One point I am making is that in many cases it is not a constraint
that helps with data quality. If a company name is: The Full Company
Name with Associates and you truncate it because the database has a
max length constraint designed into it, you are tampering with
accurate data, forcing data NOT to be accurate. We should not be
giving the company name a maximum length unless there is a world
standards body that ensure that company names across the world,
perhaps even when translated into a particular language, never exceed
> If you're willing or even eager, to eliminate the field length constraint, are you comfortable relying on each of these external data sources to determine what a makes valid postal code?
No. I definitely want a layer through which all Create, Update, and
Deletes happen that verifies that either the source is trusted or
(re)validates the data. Some have indicated that unless this layer is
tightly coupled with the DBMS that cannot happen, but I disagree. I'm
not a builder, so I don't know if this analogy will make sense to
anyone but me, but if you do not pour walls and foundation together
with the same materials, is it possible that you will build a new
house where the basement could flood? Yes, but there are building
industry standard best practices to keep from doing that. The cost of
tightly coupling the foundation and the walls is too great to build
that way. The risk in building the house with a leak if best
practices are not followed is not high enough to pour the walls and
the basement together. Perhaps there are some exceptions to this.
> For example, a US zip code is usually modeled and constrained to digits. It should be at least 5 digits long and may be as long as 9 depending on whether you're using two fields or one.
As with many other "codes", the postal code is definitely an attribute
where there really is a maxlen (again I would not want to do so in the
DBMS from a theory perspective, even though it would only be practical
to do so when using a SQL-DBMS today). So, yes, I would want any
software product to contrain the 5 and the 4 digit parts to those
> What would be the point in removing a length constraint of this nature? I suppose if zip codes ever grew to 20 digits you wouldn't need to change your data model.
In the case of codes, there typically are and should be max length
constraints. In the case of the US zip code, there should even be
exact length constraints. As I initially talked about in the blog
entry prior to this one and also alluded to here, I would want those
length constraints to be handled outside of what is typically called
the DBMS, or perhaps simply handled differently by the DBMS (this is a
matter of definition of the DBMS). I think the persistence layer and
the constraint layer should not be so tightly coupled as they are in
SQL-DBMS products today. I have seen much more agile solutions when
these are not as tightly coupled.
> My experience has been that such changes are far more rare than feature driven database changes. Usually it's changes like "We want to support multiple mailing addresses in the next release of Appwidget".

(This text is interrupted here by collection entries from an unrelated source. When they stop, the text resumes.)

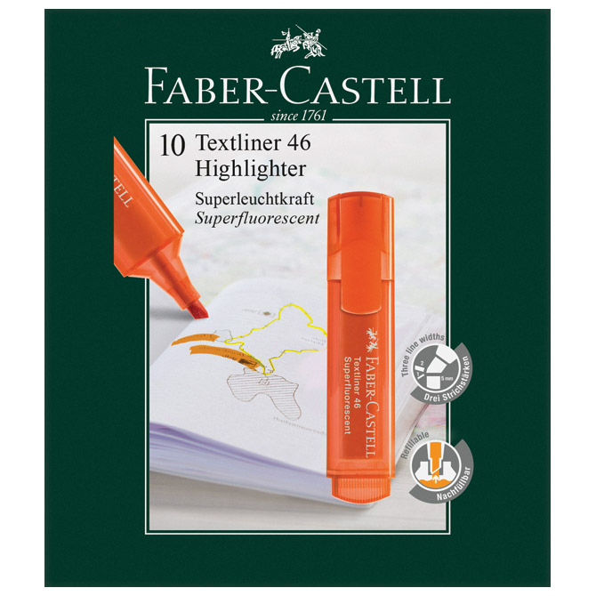 klinasti vrh; širina ispisa 5-2-1 mm; univerzalna tinta na bazi vode s odličnim markerskim svojstvima i mogućnošću ponovnog kapilarnog punjenja (refil Textliner 1549); super fluorescentan; idealan za sve vrste papira u svakodnevnoj upotrebi; poseban vrh označava u 3 širine (5 mm, 2 mm, 1 mm) Pakiranje: 10/50/200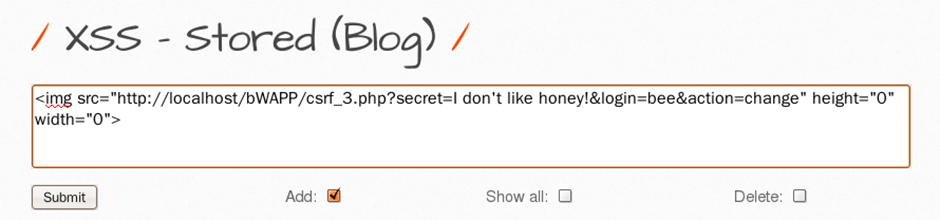 xss_stored_1.php 페이지에 이미지 태그를 이용해 다른 사용자의 아이디를 입력하여 비밀번호 힌트를 바꾸는 CSRF 공격 시도하는 코드를 입력한다.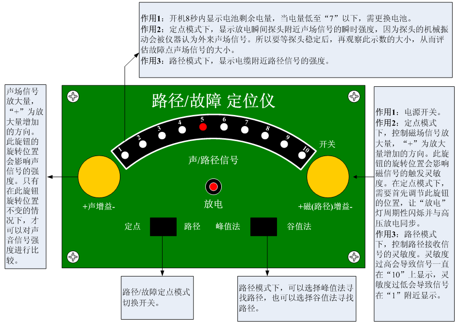 步驟2 將“定點/路徑”模式開關(guān)切換到“路徑”模式然后打開路徑/故障定位儀的電源開關(guān),開機8秒內(nèi)顯示電池電量(電量低于“7”時需更換電池!)。
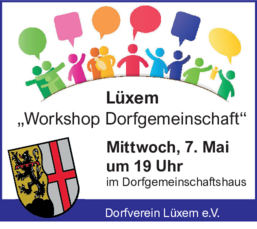 der "Dorfverein Lüxem e.V. “ hat es sich zur Aufgabe gemacht, das Leben im Ort attraktiver zu gestalten. Mit unserem „Workshop Dorfgemeinschaft“ möchten wir Menschen motivieren und begeistern, die örtliche Gemeinschaft mitzugestalten.

Yes, and the non-1NF discussion would be relevant in that case. Each
of the topics I have selected from multivalues, to 2-valued-logic, to
variable length data, to providing less coupling between constraint
handling and persistence, is an area that I think contributes to many
DBMS's being relatively inflexible compared to DBMS's that are
sometimes called "embedded" such as Cache' or IBM U2.
>Where should the logical maxlen be placed in a logical data model?

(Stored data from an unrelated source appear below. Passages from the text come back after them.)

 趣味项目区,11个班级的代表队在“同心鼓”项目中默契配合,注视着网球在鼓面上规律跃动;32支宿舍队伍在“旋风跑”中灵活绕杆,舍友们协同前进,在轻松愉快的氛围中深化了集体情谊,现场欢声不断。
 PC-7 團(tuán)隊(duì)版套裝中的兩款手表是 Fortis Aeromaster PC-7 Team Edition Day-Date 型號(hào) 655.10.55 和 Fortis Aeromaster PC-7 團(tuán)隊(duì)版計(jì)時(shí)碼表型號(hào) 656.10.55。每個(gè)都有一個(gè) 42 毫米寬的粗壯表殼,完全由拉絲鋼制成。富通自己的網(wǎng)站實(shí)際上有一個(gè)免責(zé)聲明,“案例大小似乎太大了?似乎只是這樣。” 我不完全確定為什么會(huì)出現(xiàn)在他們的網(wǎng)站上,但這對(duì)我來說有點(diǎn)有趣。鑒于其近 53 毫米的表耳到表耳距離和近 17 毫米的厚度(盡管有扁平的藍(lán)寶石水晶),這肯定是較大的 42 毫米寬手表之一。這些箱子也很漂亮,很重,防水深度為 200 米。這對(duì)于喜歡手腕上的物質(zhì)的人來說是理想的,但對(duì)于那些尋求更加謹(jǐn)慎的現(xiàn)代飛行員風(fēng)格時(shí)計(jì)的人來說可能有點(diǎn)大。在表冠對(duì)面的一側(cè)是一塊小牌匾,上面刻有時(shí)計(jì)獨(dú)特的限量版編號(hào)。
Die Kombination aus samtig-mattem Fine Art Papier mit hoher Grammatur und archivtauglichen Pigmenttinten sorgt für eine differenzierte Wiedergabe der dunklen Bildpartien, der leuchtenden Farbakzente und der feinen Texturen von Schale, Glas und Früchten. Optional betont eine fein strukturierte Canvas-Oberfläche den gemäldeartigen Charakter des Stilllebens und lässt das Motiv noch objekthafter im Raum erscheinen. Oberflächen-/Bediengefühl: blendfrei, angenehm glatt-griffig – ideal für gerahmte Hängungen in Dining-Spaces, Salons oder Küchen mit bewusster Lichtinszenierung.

If there is a logical maxlen, then it should be in the logical data
model. In that case, I only contest the implementation, about who
should care about it. If there is not a logical maxlen, then it
should not be included in the logical data model.
> > Given that all UI and web service validation routines need access to this >constraint information, it can be made available by being captured as other business rules might be, in the database itself.

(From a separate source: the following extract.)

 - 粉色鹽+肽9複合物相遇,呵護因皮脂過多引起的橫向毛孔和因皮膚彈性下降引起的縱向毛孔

> > I suggest that the database proper (rather than the schema) is a good place for specifying all business constraints. There must then be enforcement of >the use of standard CRUD services that employ such constraint logic for all software maintaining the database.
> If I understand you correctly, you're suggesting that max length constraints be persisted in a user-defined business table rather than the schema itself. By doing this, you're re-implementing something that has already been done!
> The databases underlying "catalog" or schema definition consists of tables that define the rules by which data is either rejected or accepted into the database. These rules are easily configured and entered into the database through DDL statements.
Which does not make them particularly easy to roll out for maintenance
by end-users, right? I'm not suggesting that all business rules be
made maintainable by end-users, but am suggesting that all metadata be
managed like other data.
> It's about separation of responsibility and I'm of the opinion that a database ought to protect itself from "bad data".
And perhaps if instead of having construction companies that managed
the construction of a house, we had people whose sole job was to
ensure that basements never leaked, then we would have the foundations
people pouring the concrete walls of the basement and the first floor
at the same time. But when we look at the projects as a whole, there
might just be a better way to do it, even if there are risks, as
always, if the professionals do not follow best practices.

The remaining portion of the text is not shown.